The Many Lives of Catwoman: The Felonious History of a Feline Fatale

The Many Lives of Catwoman: The Felonious History of a Feline Fatale

The Many Lives of Catwoman: The Felonious History of a Feline Fatale is a comprehensive, readable history of this unique character. From the first chapter, where author Tim Hanley disassembles the myth of Bob Kane’s creation of the character (she was actually developed by Bill Finger, like much of Batman’s early mythology), it’s clear that he won’t be pulling his punches. (He previously wrote Wonder Woman Unbound: The Curious History of the World’s Most Famous Heroine and Investigating Lois Lane: The Turbulent History of the Daily Planet’s Ace Reporter.)

Hanley’s theory is that Catwoman has a unique status in comics. She regularly outsmarted Batman. Because she’s often a villain, she’s an outsider, which allows her to escape the stereotypes placed on so many other female characters in the superhero genre. That also allowed her to be more independent. (And often sexualized, which is the negative flip side of being written and drawn by men.) Her history is so long-running that she’s had a particularly varied past, which keeps her interesting. He calls her adventures “a varied journey of empowerment and exploitation.”
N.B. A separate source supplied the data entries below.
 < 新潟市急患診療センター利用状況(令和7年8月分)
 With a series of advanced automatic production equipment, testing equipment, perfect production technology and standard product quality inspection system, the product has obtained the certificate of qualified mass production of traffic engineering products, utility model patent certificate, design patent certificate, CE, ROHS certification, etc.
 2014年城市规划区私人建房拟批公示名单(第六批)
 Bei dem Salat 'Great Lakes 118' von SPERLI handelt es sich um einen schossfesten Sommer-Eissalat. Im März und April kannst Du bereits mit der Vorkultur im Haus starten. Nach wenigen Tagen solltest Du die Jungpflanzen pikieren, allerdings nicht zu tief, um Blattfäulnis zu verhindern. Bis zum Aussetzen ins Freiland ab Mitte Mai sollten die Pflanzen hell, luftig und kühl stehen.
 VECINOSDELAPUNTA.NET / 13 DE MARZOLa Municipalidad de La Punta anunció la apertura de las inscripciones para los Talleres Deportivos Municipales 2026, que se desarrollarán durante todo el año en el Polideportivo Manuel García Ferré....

We begin, of course, with her origin, with a necessary digression into Batman’s beginning. Hanley makes a good case for Catwoman’s differences from the start, from her prominence as a lead when other female characters were rarely even given names, speaking roles, or believable motivations to Batman’s clear infatuation with her. Unlike other femme fatales, the serial nature of comics meant that she wasn’t published by death or imprisonment (an observation I found particularly striking).
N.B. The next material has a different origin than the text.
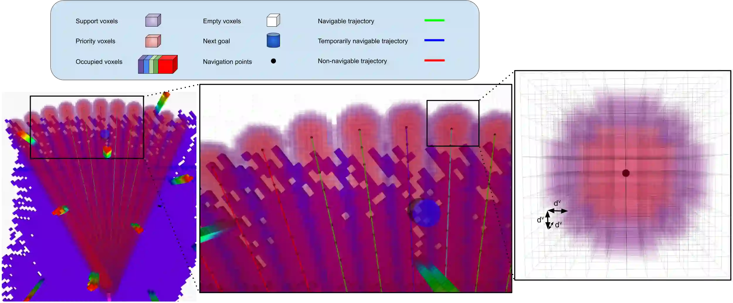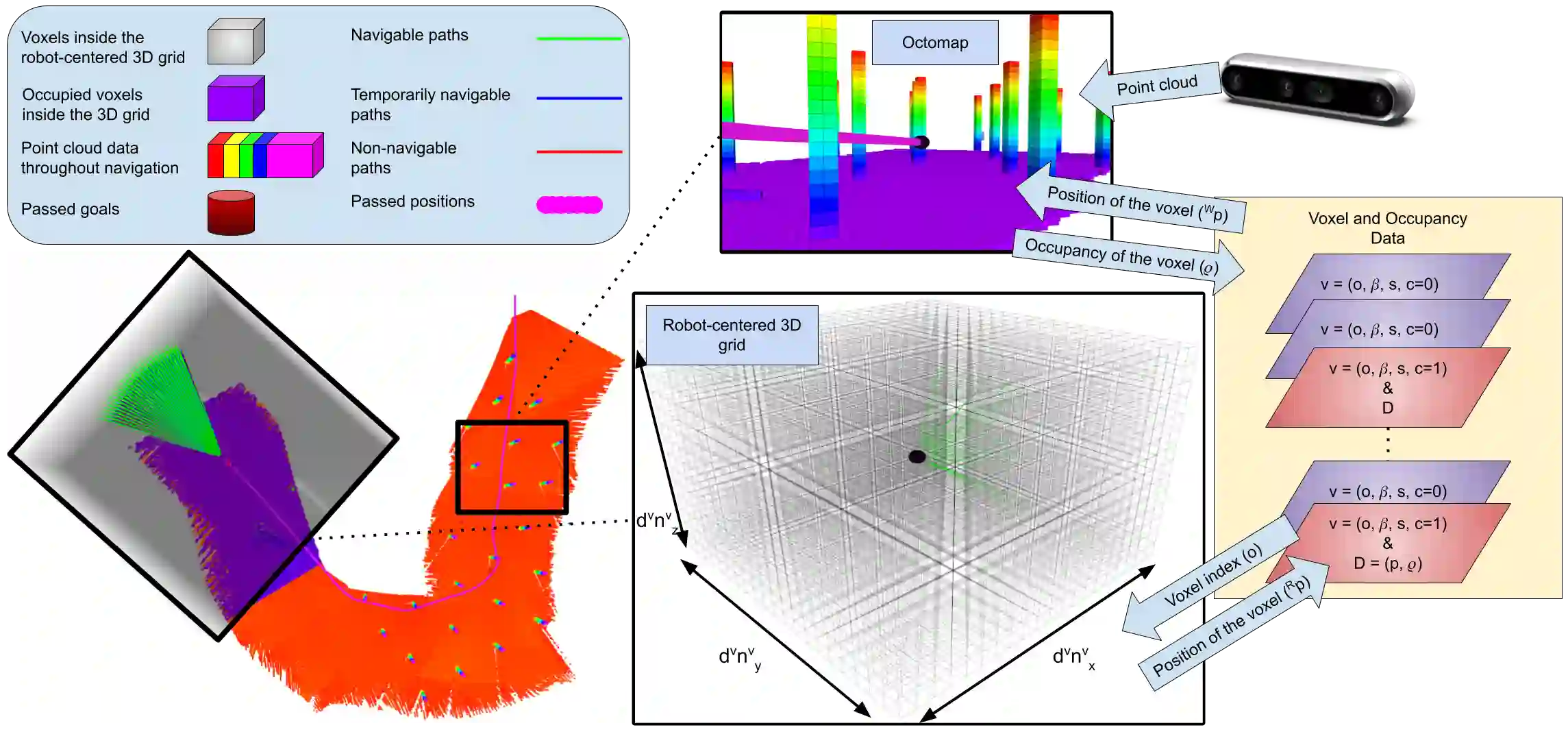 翻译:本文描述和分析在未知环境中移动机器人的被动导航框架。 这种方法并不依赖于全球地图,而只是考虑其机器人中心3D网格结构的本地占用情况。 提议的算法能够通过对飞行中预先抽样的轨迹进行超常评估来快速导航。 在每个周期, 这些路径都根据超常性特征, 如接近目标、 先前选择的轨迹和附近障碍等, 以加权成本功能进行评估。 本文引入了一种系统的方法, 用以计算选定轨迹上可行的布局, 然后再将其发送给执行动作的控制器。 定义框架中的结构并提供执行细节。 本文还解释了如何调整其离线参数和在线参数。 为了显示算法在未知环境中的多功能和适应性, 提供了各种地图上的物理模拟。 基准测试显示了所拟议的算法优于先前的反复度和另一个状态方法。 可以在url{ https://gibub. com/ mab/Restent 上找到算法和基准数据。

The Many Lives of Catwoman: The Felonious History of a Feline Fatale

Post-war, with a pressure to reassert traditional gender roles, the Catwoman/ Batman relationship flipped to make her the romantic seeking attention from her crush. At the same time, she got a Kitty Car, an elaborate hideout, more props, and henchmen, as comics because more exaggerated (and sometimes ridiculous). Then, during the Wertham scare era, she disappeared for over a decade, until the TV show resurrected her.

Hanley thoroughly covers the various actresses and their portrayals over the seasons of the show and the spinoff movie, including how the attraction angle disappeared once Eartha Kitt was cast in the third TV season because of cultural concerns over interracial romance. The book continues with the checkered history of the character in the comics, from girlfriend for Bruce Wayne to the Huntress’ dead mother and Frank Miller’s post-Crisis sordid reinvention of her as an ex-hooker (in keeping with his sexist history of abuse towards women characters).

Additional chapters focus on the Burton Batman movies, a history of the character in animated series, the launch of her solo comic book, the morbid darkness of Ed Brubaker’s reinvention run, Catwoman’s time as a parent, the disastrous Catwoman movie, and the various media she’s appeared in since. By the end, I just wanted to go back to the beginning again, with more positive, entertaining stories than the morass the character has been left in. Hanley’s history made me miss the kind of Catwoman we could have, but his emphasis on the ways the character has been reinvented across her history gave me hope for another one to come sometime in the future.

Because this is an independently written history, images are replaced with story descriptions and dialogue excerpts. That’s an understandable but unfortunate liability in any such comic history. An interested reader will likely want to accompany this with Catwoman: A Celebration of 75 Years or Catwoman: Nine Lives of a Feline Fatale to see a few of the actual comics discussed. (The publisher provided a digital review copy.)